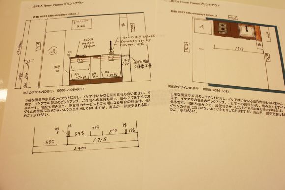 そして、現地調査が終わるとキッチン施工会社がIKEAのほうへ現地の情報を伝えます。さて、その情報がIKEAに届いたらついに発注可能となるわけです。この発注、そして現地調査の結果からの仕様の変更などは、IKEAはいっさい電話での変更がききませんから、店舗に行って行います。というわけで、店舗に行って発注します。スタッフの方に現地調査の終わったキッチンを発注しにきましたと言えば進みます。スタッフが現調結果を確認しながら、前回の見積もりから変更の必要があるかを調べ、必要があれば再度見積もりを作ってくれます。その場ではキッチン施工会社が現地調した結果を反映させたくわしいセッチイメージもくれます。それは、全体を取り仕切る施工会社へ見せましょう。
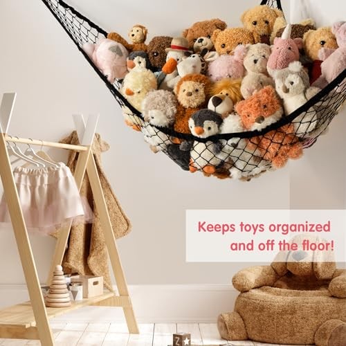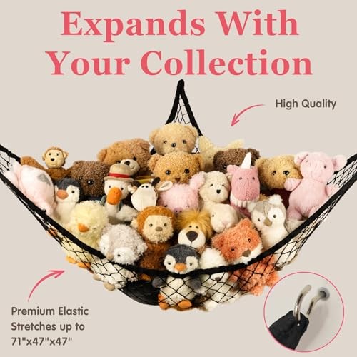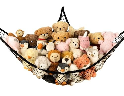 Stuffed Animal Storage Hammock Net Corner - Large Toy Hammock Net 1 Pack Black
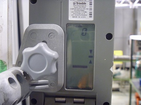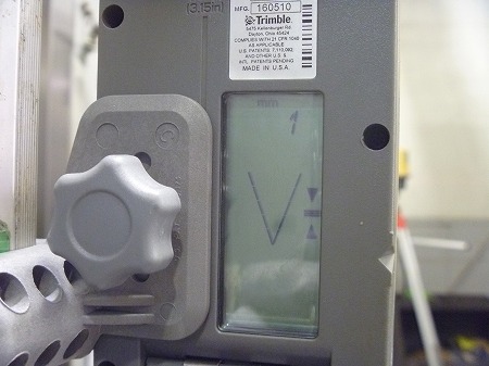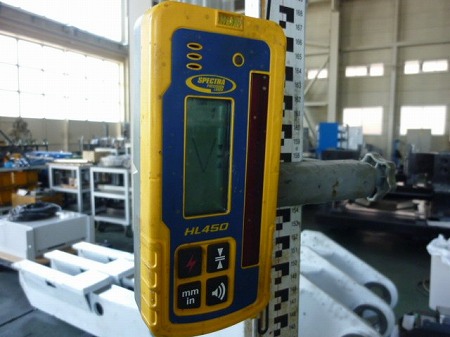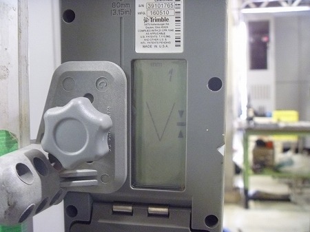 施工中 レーザーレベル確認状況-管理点①   土間が上昇する事でレーザーレベルの数値も上昇します。
····················
Return the listing exactly as it appears, excluding any image.

 そして、現地調査が終わるとキッチン施工会社がIKEAのほうへ現地の情報を伝えます。さて、その情報がIKEAに届いたらついに発注可能となるわけです。この発注、そして現地調査の結果からの仕様の変更などは、IKEAはいっさい電話での変更がききませんから、店舗に行って行います。というわけで、店舗に行って発注します。スタッフの方に現地調査の終わったキッチンを発注しにきましたと言えば進みます。スタッフが現調結果を確認しながら、前回の見積もりから変更の必要があるかを調べ、必要があれば再度見積もりを作ってくれます。その場ではキッチン施工会社が現地調した結果を反映させたくわしいセッチイメージもくれます。それは、全体を取り仕切る施工会社へ見せましょう。
 Stuffed Animal Storage Hammock Net Corner - Large Toy Hammock Net 1 Pack Black
 施工中 レーザーレベル確認状況-管理点①   土間が上昇する事でレーザーレベルの数値も上昇します。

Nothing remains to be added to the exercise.